Segment Start: DATA LISTING

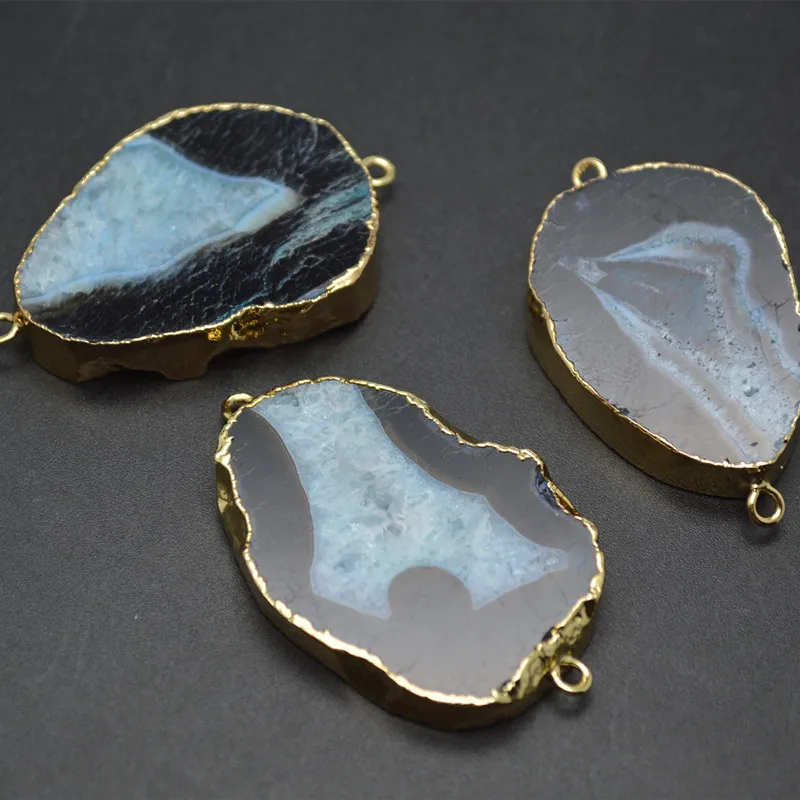 Kopen Goedkoop Twee Loops Freeform Quartz Black Stone Slice Slab Gold Plating Ketting Connectors Prijs
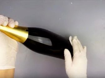 Изначально опускаем шампанское в теплую воду, чтобы размочить и избавиться от заводских наклеек (оставляет верхнюю этикетку, покрывающую горлышко);
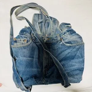 Levi's jeans backpack in classic blue. Features leather patch and signature stitching. Used!
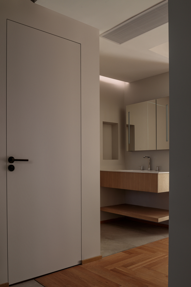 现洗漱台为原主卧入口,为提升卫浴间的使用体验,设计师更改主卧入口方向,预留出完整的功能空间,实现洗漱台外移、干湿三分离的卫浴布局。洗漱干区沿用了雾色与原木材质,与公区统一风格。
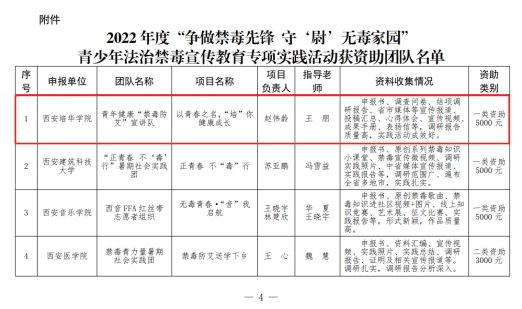 日前,共青团陕西省委发布了《关于确定2022年度“争做禁毒先锋守‘尉’无毒家园”青少年法治禁毒宣传教育专项实践活动获资助团队的通知》,,经评审组综合评定,共评选出一等资助3项、二等资助5项、三等资助22项,其中由学校推荐申报的《以青春之名,“培”你 健康成长》项目脱颖而出,荣获一等资助(5000元),位列全省资助项目第一名,这也是学校连续第三年获批专项资助。
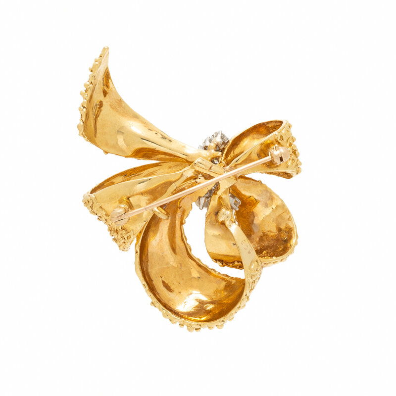 YELLOW GOLD AND DIAMOND BOW BROOCH
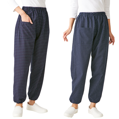 ヒップや太ももまわりはゆったりで、お庭での作業や家事の時に快適なもんぺ。ウエスト総ゴムで楽な履き心地。裾が邪魔になりにくいゴム仕様で、丈の調整をしなくてもご着用いただけます。紺系のあられ柄で汚れが目立ちにくく丈夫な生地。作業中にも小物が取り出しやすい右前ポケット付きです。
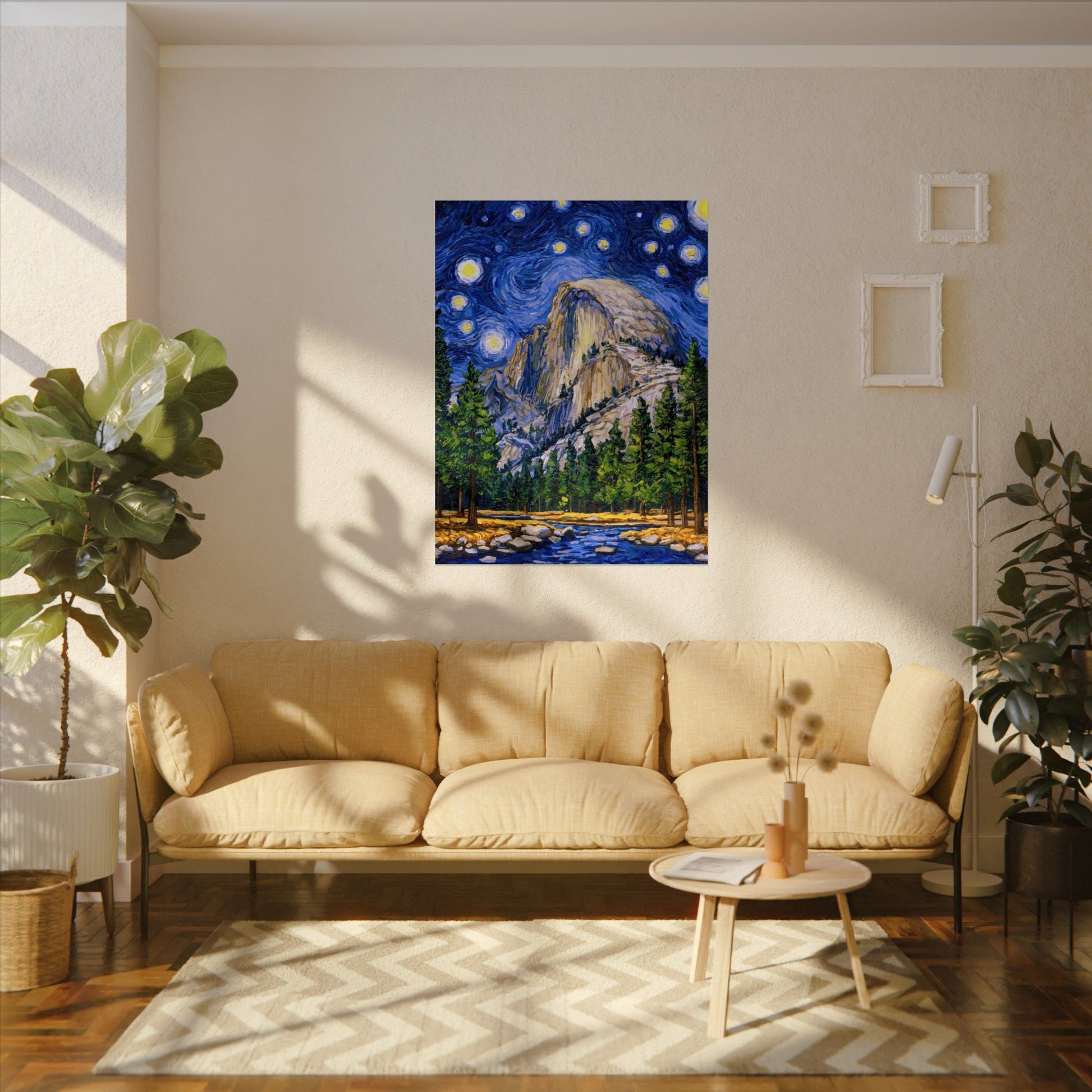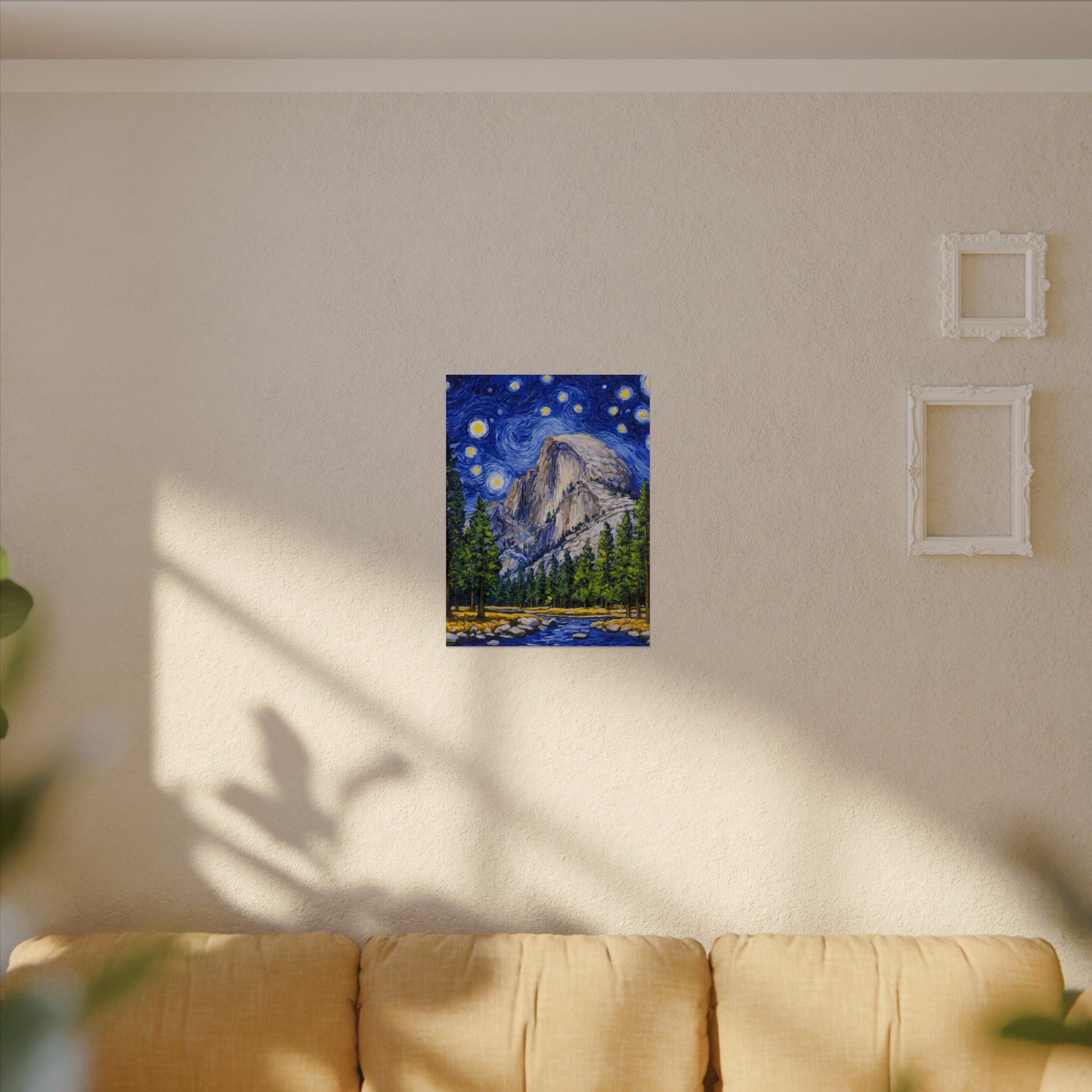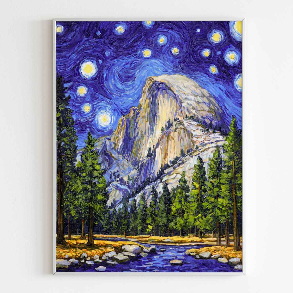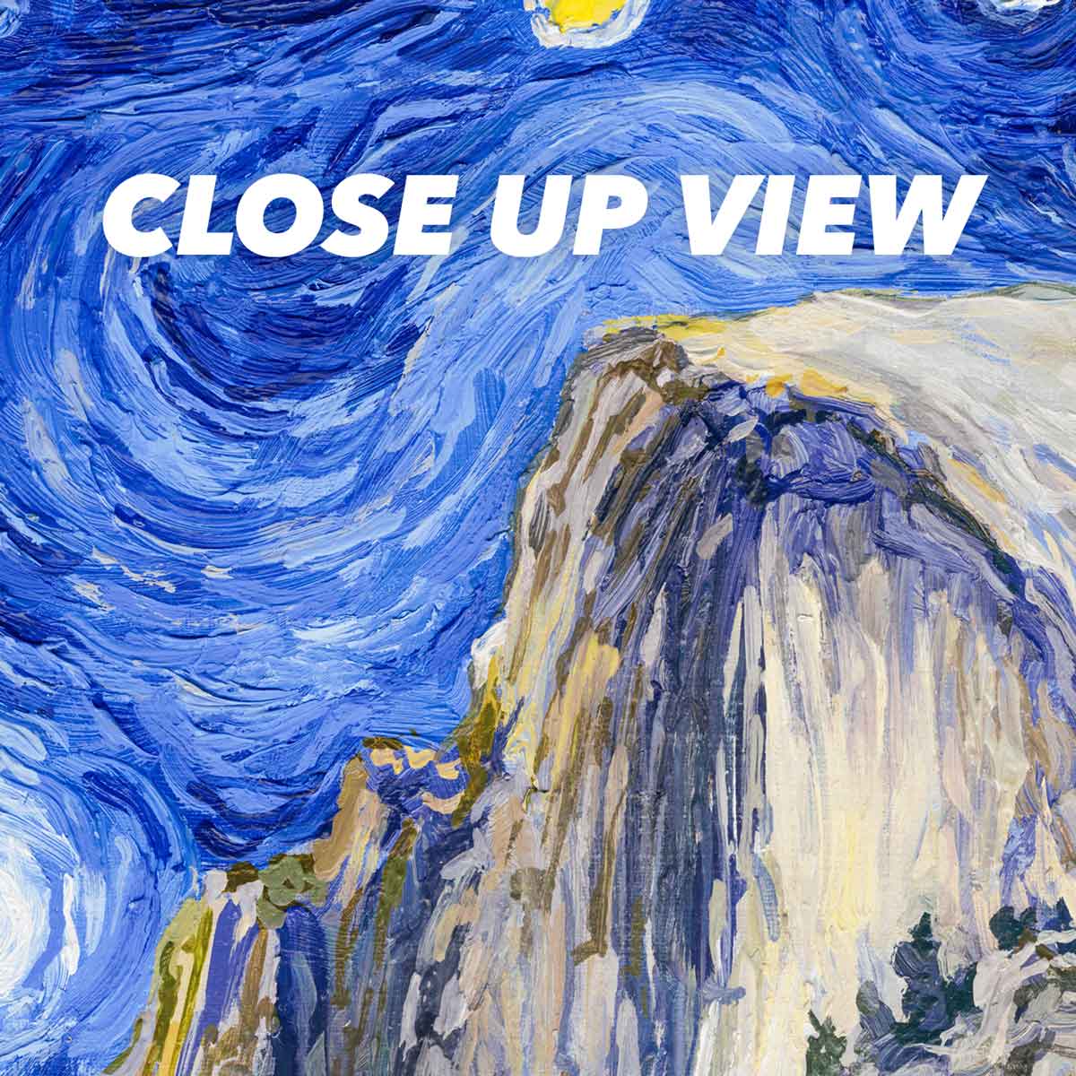 This Yosemite National Park Poster has to be seen to be believed! We took the highest resolution scans of our hand-painted Starry Night Yosemite National Park painting and printed it on incredible 285gsm textured paper. When combined with the archival inks, the finished product is almost indistinguishable from the original painting. This is the ultimate version of our Starry Night series.
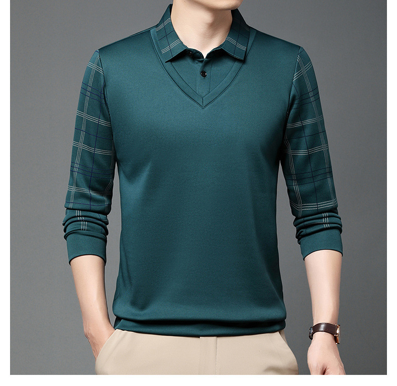 爸爸装假两件中年男士POLO衬衫领长袖格子T恤加绒男装上衣
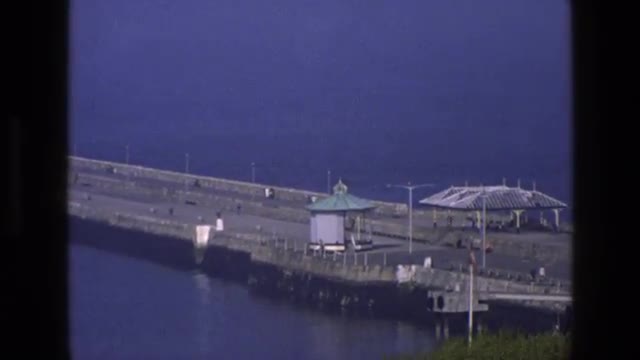 1969: a small gazebo on a large, long pier surrounded by beautiful blue water IRELAND
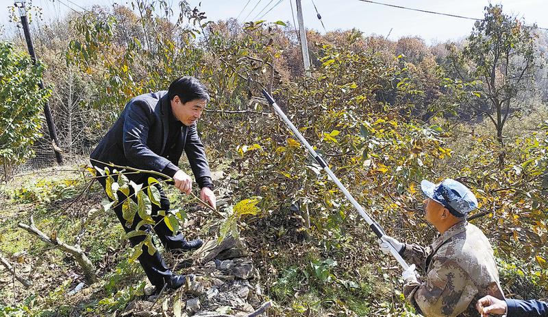近日,李德俊(左)與山西核桃科管師傅在種植基地交流秋冬季核桃修剪技術。
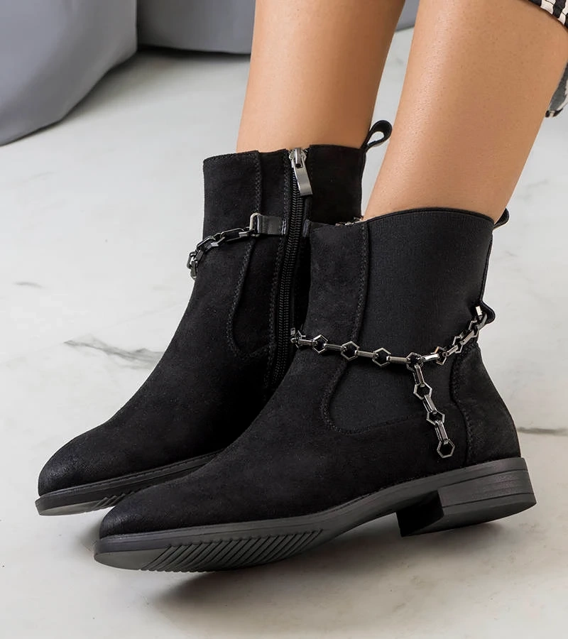 Schwarze Stiefeletten mit Kette Bilka
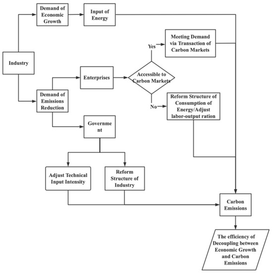 Chinese industrial enterprises face two major demands: high economic growth and carbon emission reduction. However, the demand for economic development inevitably leads to an increase in energy consumption, increasing CO2 emissions, which runs counter to the demand for carbon emission reduction in industrial enterprises. Under the premise of economic development, promoting carbon emission reduction in industrial enterprises has become an important breakthrough point to resolving the above contradictions. Industrial enterprises and the government will implement measures to balance the “economy and being green.” The transmission mechanism for decoupling the industrial economy from carbon is shown in Figure 1.
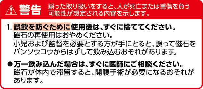 これを受け、磁石とバンソウコウが一体となった医療機器である「ピップエレキバン」シリーズにおいても、使用後の磁石誤飲について、改めてお客様にご注意いただきたくご案内いたします。

Segment End: DATA LISTING

Working from the records above, reproduce exactly the lines from the one with "Schwarze Stiefeletten mit Kette Bilka" through the last line, without the pictures.

### OUTPUT OF THE TASK:
 Schwarze Stiefeletten mit Kette Bilka
 Chinese industrial enterprises face two major demands: high economic growth and carbon emission reduction. However, the demand for economic development inevitably leads to an increase in energy consumption, increasing CO2 emissions, which runs counter to the demand for carbon emission reduction in industrial enterprises. Under the premise of economic development, promoting carbon emission reduction in industrial enterprises has become an important breakthrough point to resolving the above contradictions. Industrial enterprises and the government will implement measures to balance the “economy and being green.” The transmission mechanism for decoupling the industrial economy from carbon is shown in Figure 1.
 これを受け、磁石とバンソウコウが一体となった医療機器である「ピップエレキバン」シリーズにおいても、使用後の磁石誤飲について、改めてお客様にご注意いただきたくご案内いたします。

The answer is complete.